Anyway…the brakes/arches now look like this:



















That was enough for day 1. That was 6 hours worth…

Day 2:

Luggage compartment. Not too bad…a little messy…










Hoovered out, and plastics dressed with Poorboys Natural Look Dressing.










Interior not too bad either..again, just a little messy…










Hoovered out, leather (door cards, seats, rear trims, dash) all cleaned with Autoglym Leather cleaner and then fed with their Leather Care Crème.
Plastics dressed with Poorboys Natural Look Dressing.










The windows were then cleaned inside - not easy cleaning the inside of the rear window of a 911 if you are 6'3"!

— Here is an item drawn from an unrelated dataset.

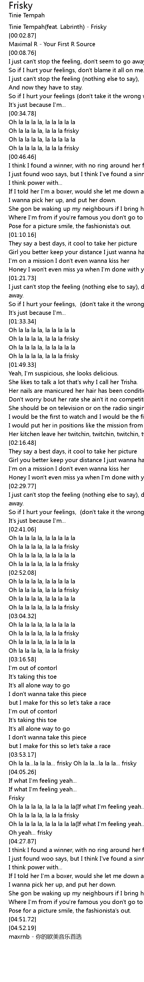 | [00:00.44] | Tinie Tempah(feat. Labrinth) - Frisky |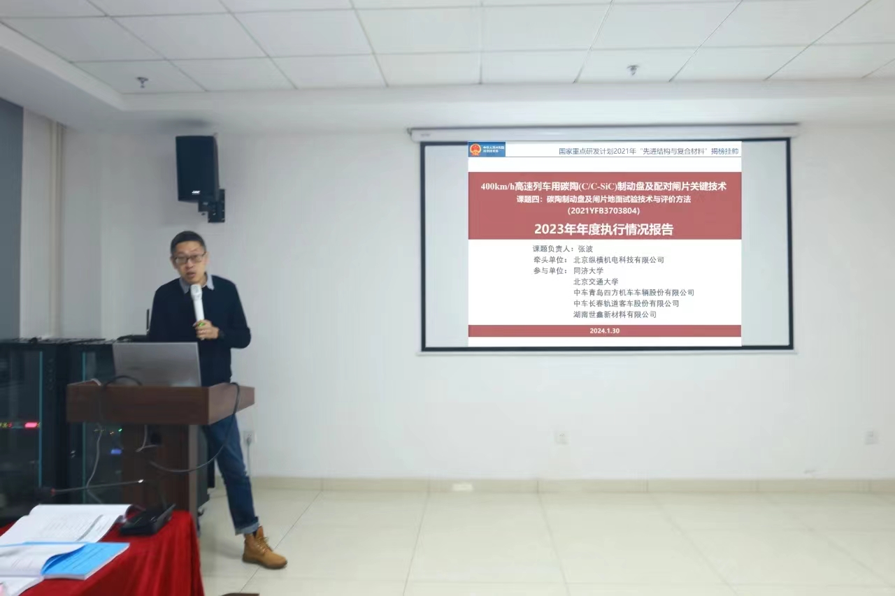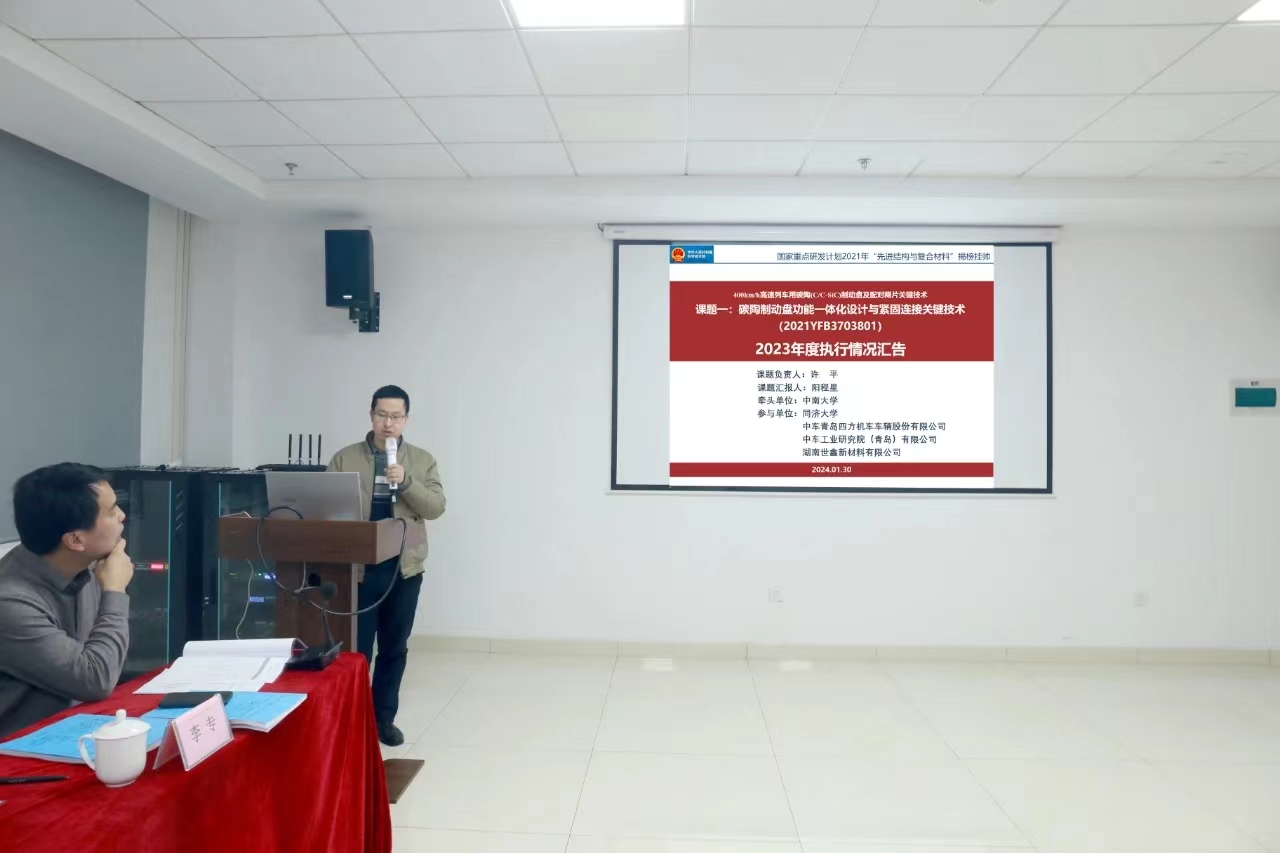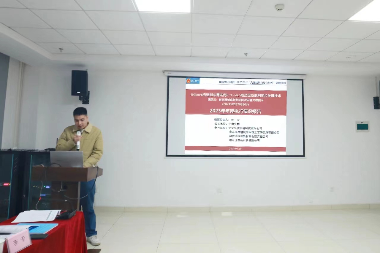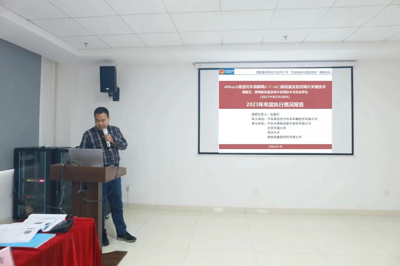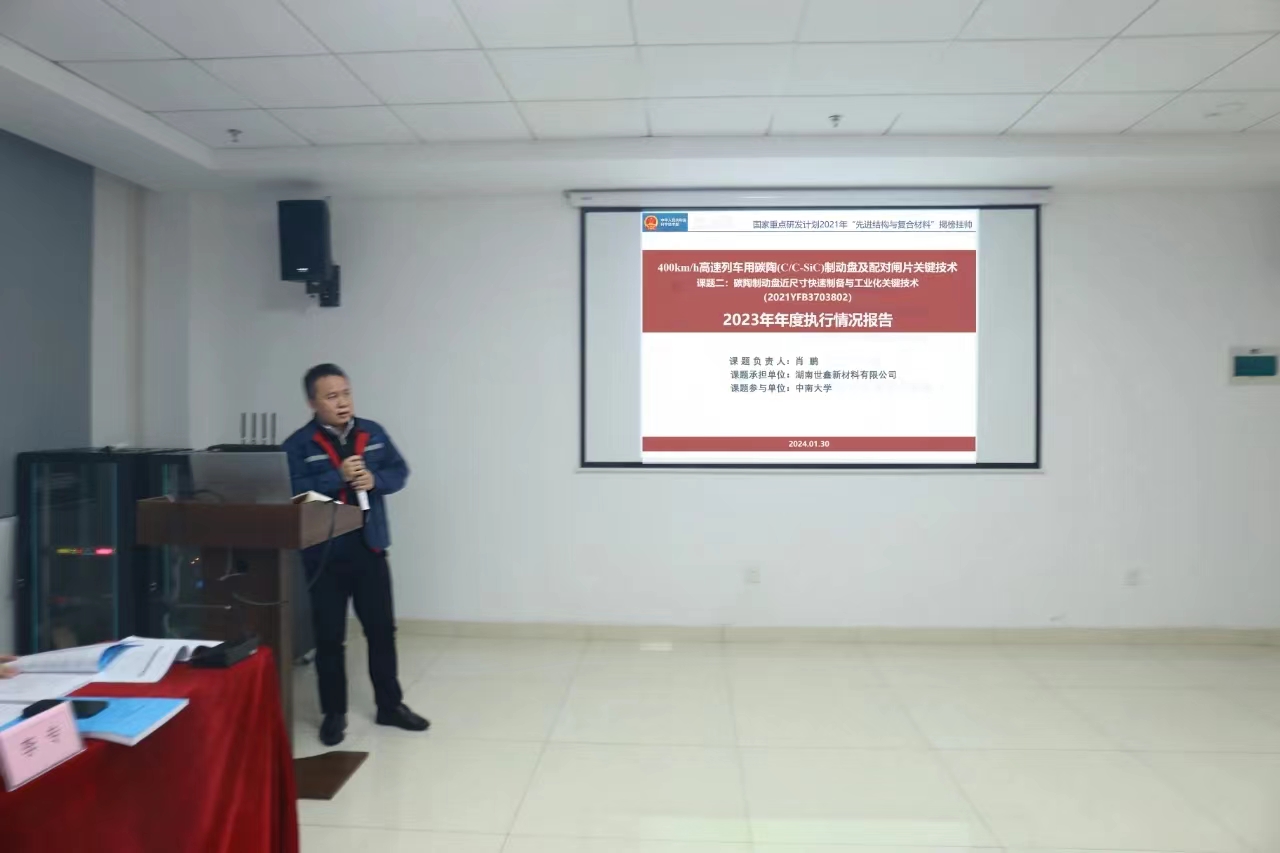 2024年1月30日,国家重点研发计划“400km/h高速列车碳陶(C/C-SiC)制动盘及配对闸片关键技术(2021YFB3703800)项目”2023年年度总结会在世鑫新材成功召开。本次会议由中南大学召集、世鑫新材承办,项目成员单位中南大学、世鑫新材、铁科院纵横机电、四方股份、中车工业研究院、同济大学、北京交通大学、中车戚墅堰所、湖南博科瑞等单位的领导、专家、研究骨干、研究生等30多人参会。

Onto the outside…the car has all the front coated in Defendall paint protection film…so I'm going to struggle to get a great shine on that….but…in general it wasn't too bad:










The usual bug splats and for some reason, the rear wing makes this thing a tar magnet:










So, it was foamed using a mix of Megs Hyperwash and SSF (1 'pump' of each)










High pressure washed off, which took off the majority of the bugs etc, but left the tar.










A handwash using the usual method (using Megs Shampoo Plus) and a washmit, Autobrite's Glue and Tar was used to remove the tar spots, the whole car clayed with Griots Garage clay and their Speed Shine lube, and a further handwash.

A hose off left this:










Tar spots + muck cleaned off the exhaust tailpipes too…but no photos!
Car put back in garage.

That was enough for today…end of Day 2. Only the 5 hours today.

Day 3:

Stuupnorth arrives and gets to work.
Number plates taken off (should have done that yesterday, I know!)
Car masked up in the usual manner:










Always time for coffee!










This is what we were dealing with:




























The metalwork was polished using Menzerna RD3.02 using 4" Lake Country CCS light cut pads, several passes were carried out to remove the swirls.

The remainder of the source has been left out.